On the controversial ending to Monday night’s loss to the Panthers and if he discussed it with the league: “Those communications would happen between Bill and the league. I was at a league meeting, I was sitting a seat away from the commissioner for a couple hours on Wednesday … and you’re tempted to say something. But that’s really the type of thing that gets taken care of between coaches and Dean Blandino, the head of officiating. And I think there’s a lot of communication that goes on after games and after situations like that, where you get a more detailed understanding of what happened, whether it was correct or not. …
“I’m not saying whether the call was right or wrong, but I am saying that in those communications if they’ve made a mistake, they admit it. And if it was a gray area, they explain why it’s gray. And if they didn’t make a mistake and they were right, they tell you that, too. I think that’s a real positive thing. I think it helps the head coaches understand what’s happened better, and it also, because the refs get talked to, too, I think it makes the referees better.
“Clearly, I have my view of the quality of that call that night. ANd when you’re viewing it as a fan and you’re in the position, you’re not happy.”

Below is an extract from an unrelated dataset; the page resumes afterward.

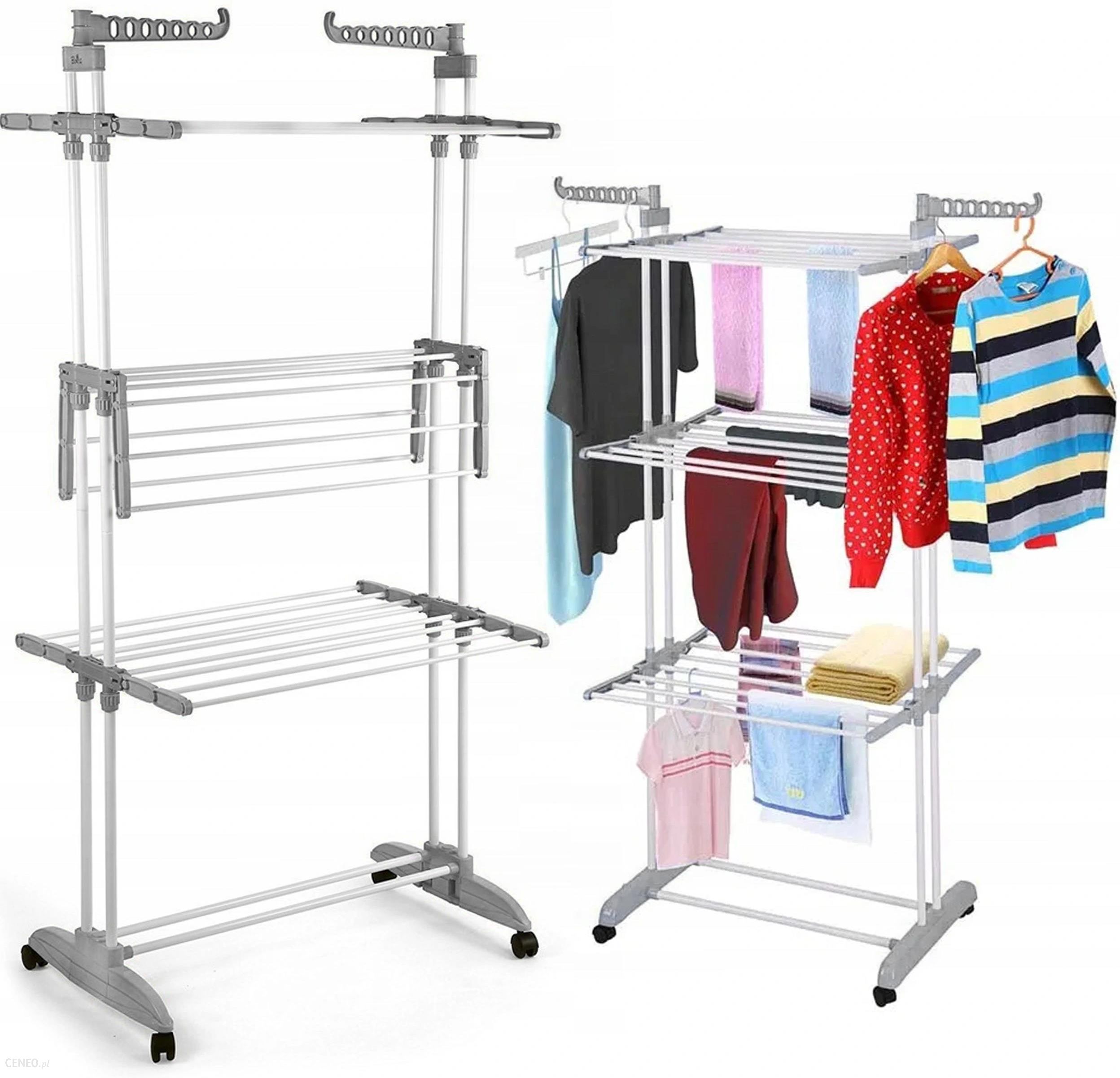 Wygodny i praktyczny niezbędnik do każdego gospodarstwa domowego.Jej minimalistyczny design sprawi, że doskonale wkomponuje się w każde pomieszczenie.Dzięki swoim wymiarom oraz wygodnemu sposobowi składania, łatwo ulokować ją w dowolnym miejscu domu.Od teraz wieszanie prania stanie się szybkie i bezproblemowe!Rozkładana suszarka na pranie z sześcioma półeczkami i dwoma ramionami 3 poziomymaksymalne obciążenie zawieszonym praniem to 40 kgzajmuje niewiele miejsca dzięki możliwości składaniawymiary: 75 cm x 126 cm (64 cm x 170 cm)do użytku wewnętrznego i zewnętrznegoSPECYFIKACJA:- długość ok. 32 m- 2 ramiona do mocowania wieszaków- 6 składanych ramion- kółka do przemieszczania z blokadą jezdnąWykonana ze stali i tworzywa sztucznego.odporna na korozję i promieniowanie UV dzięki czemu można użytkować ją na zewnątrz (balkon, ogród)Suszarka do samodzielnego montażu. Instrukcja składania umieszczona na opakowaniu.Wymiary suszarki w pudełku: 80 x 21 x 12 cm, waga z pudełkiem: 4 kg

On Tom Brady restructuring his contract last offseason: “What Tom did with his contract last year was a selfless statement that’s going to help the team and is also going to allow us to hopefully — not hopefully, will allow us for Tommy whenever he decides he’s not going to play anymore, to end his career as a Patriot, which is something that’s very important, too. You’ve seen discussions these last weeks around Ben Roethlisberger — and I’m in no way saying Roethlisberger is in Tommy’s level as a quarterback, ’cause I just don’t believe he is. I believe Tommy is as good as ever played the game, I believe he’s the best ever. But you’re seeing a situation there now where the fact that he’s going to have a huge cap number because of restructures that are coming out, and I think you’re starting to see negotiating and posturing … and that’s going to be a difficult issue.”
On Rob Gronkowski: “What you see as his public persona in some of those instances gets an awful lot of attention. Obviously, you’d prefer he get the attention for what he does on the football field and how hard he works. What I can tell you is, the first and foremost thing we want with our players, assuming they’re good people, is that they’re passionate about football. Rob is in here constantly, constantly, working to be a better football player. When he’s not in the building, clearly he isn’t sitting at home on his couch all the time; he’s out enjoying himself. But I can tell you, he takes being a football player incredibly seriously.”